British Columbia. Lake: Fraser River drainage
Other name for Kinney Lake
53.0833 N 119.1833 W GoogleGeoHack
Earliest known reference to this name is 1910 (Talbot)
Not currently an official name.
Exploring Lake Helena. A limpid gem at the foot of Mount Robson. The raft was fashioned from dead-tree logs roped together.

Exploring Lake Helena. A limpid gem at the foot of Mount Robson. The raft was fashioned from dead-tree logs roped together.
F.A. Talbot, New Garden of Canada, 1911

“We had an amusing experience ourselves when a visit was made to the foot of Mount Robson,” wrote Frederick Arthur Ambrose Talbot [1880–1924] after his 1910 reconnaissance of Grand Trunk Pacific Railway construction. “In due course, after some eight hours’ work, the edge of a beautiful stretch of water, first discovered by Mr. Kinney, who named it Lake Helena, was reached. We hastily fashioned a raft. While moving slowly along, what looked uncommonly like a signboard was spied on the bank. Pulling rapidly towards it, to ascertain what it was, we saw, in scrawling print, ‘Site of Mackenzie’s Hotel.’”

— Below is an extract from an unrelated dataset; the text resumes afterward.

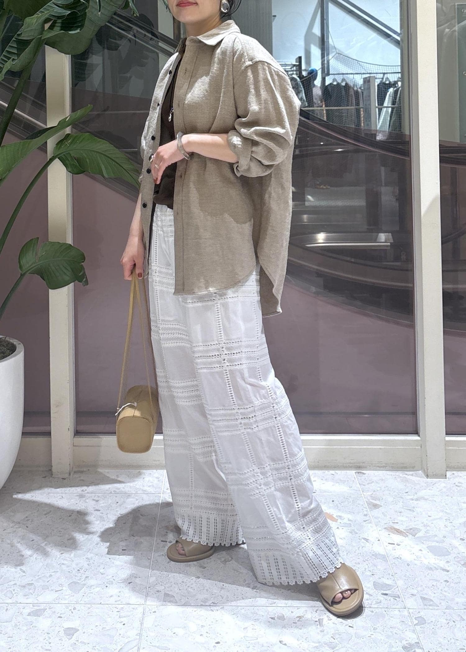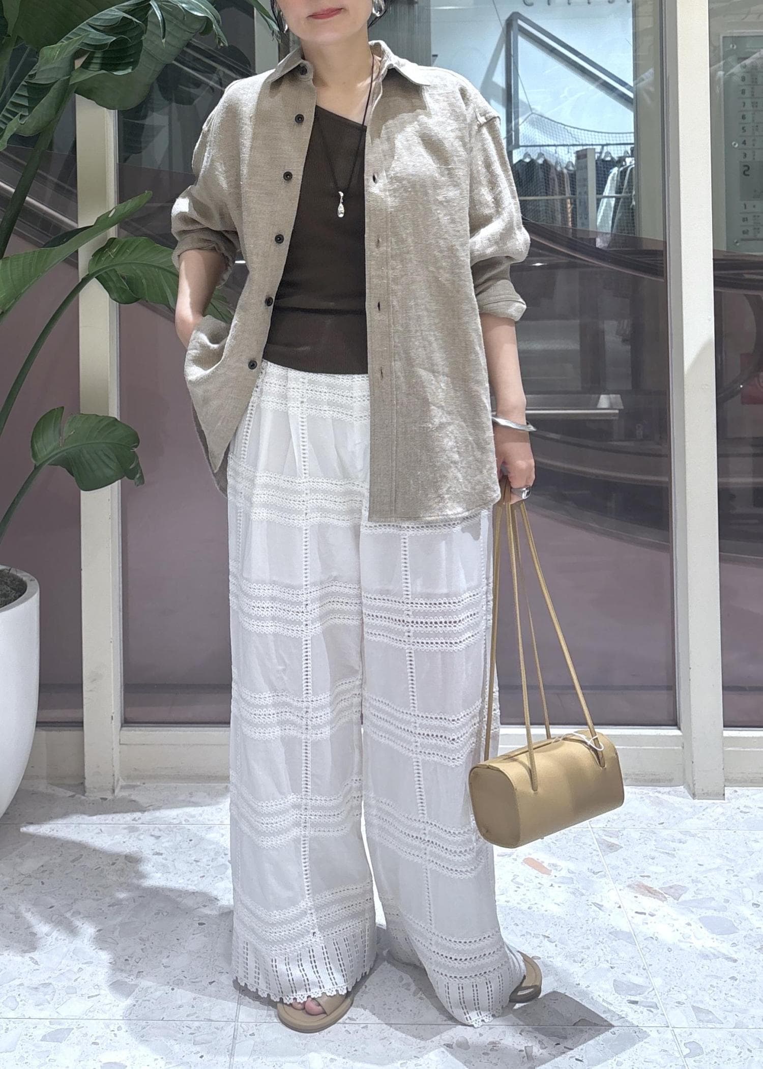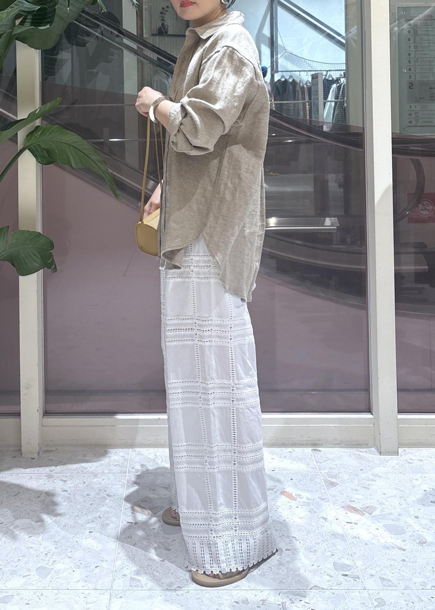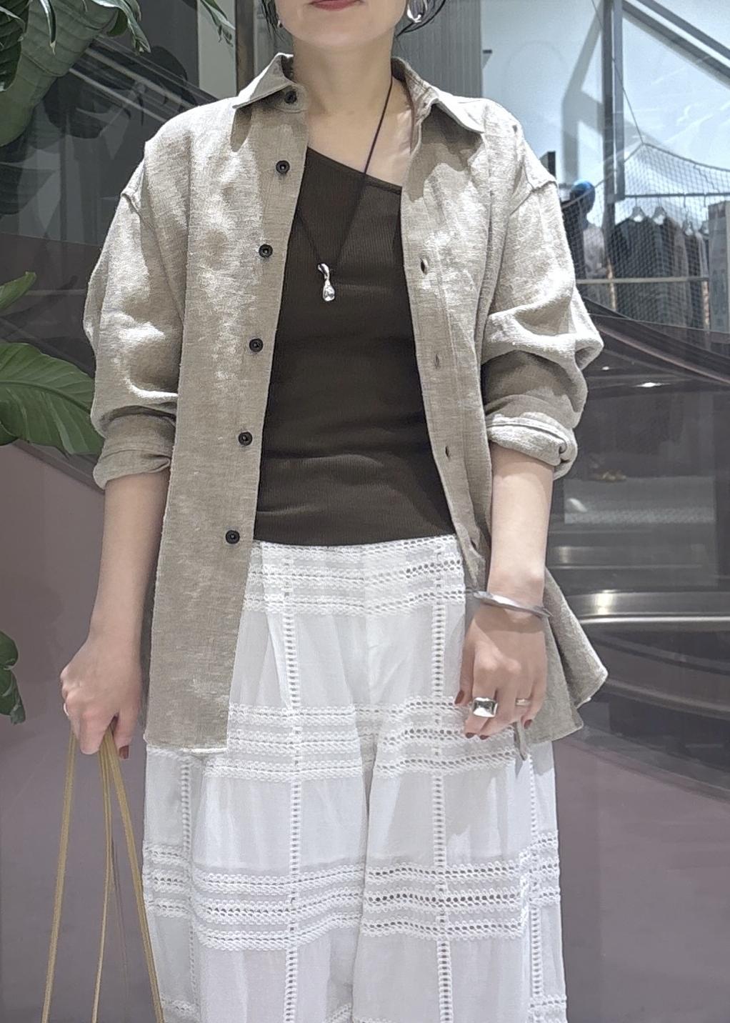 デニムシャツと合わせたりスウェットと合わせたりイメージは広がりますが、ちょっと大人っぽくリラックスした雰囲気にしてみました。

In 1913, Blanche Hume, an attendee at the Alpine Club of Canada special mountaineering camp, wrote, “Emerging from the forest primeval we came to beautiful Lake Kinney, called by some Lake Helena.”

References:

  • Talbot, Frederick Arthur Ambrose [1880–1924]. The new garden of Canada. By pack-horse and canoe through undeveloped new British Columbia. London: Cassell, 1911. Internet Archive
  • Hume, Blanche B. “The camp on Robson Pass.” Rod and Gun in Canada, (1913).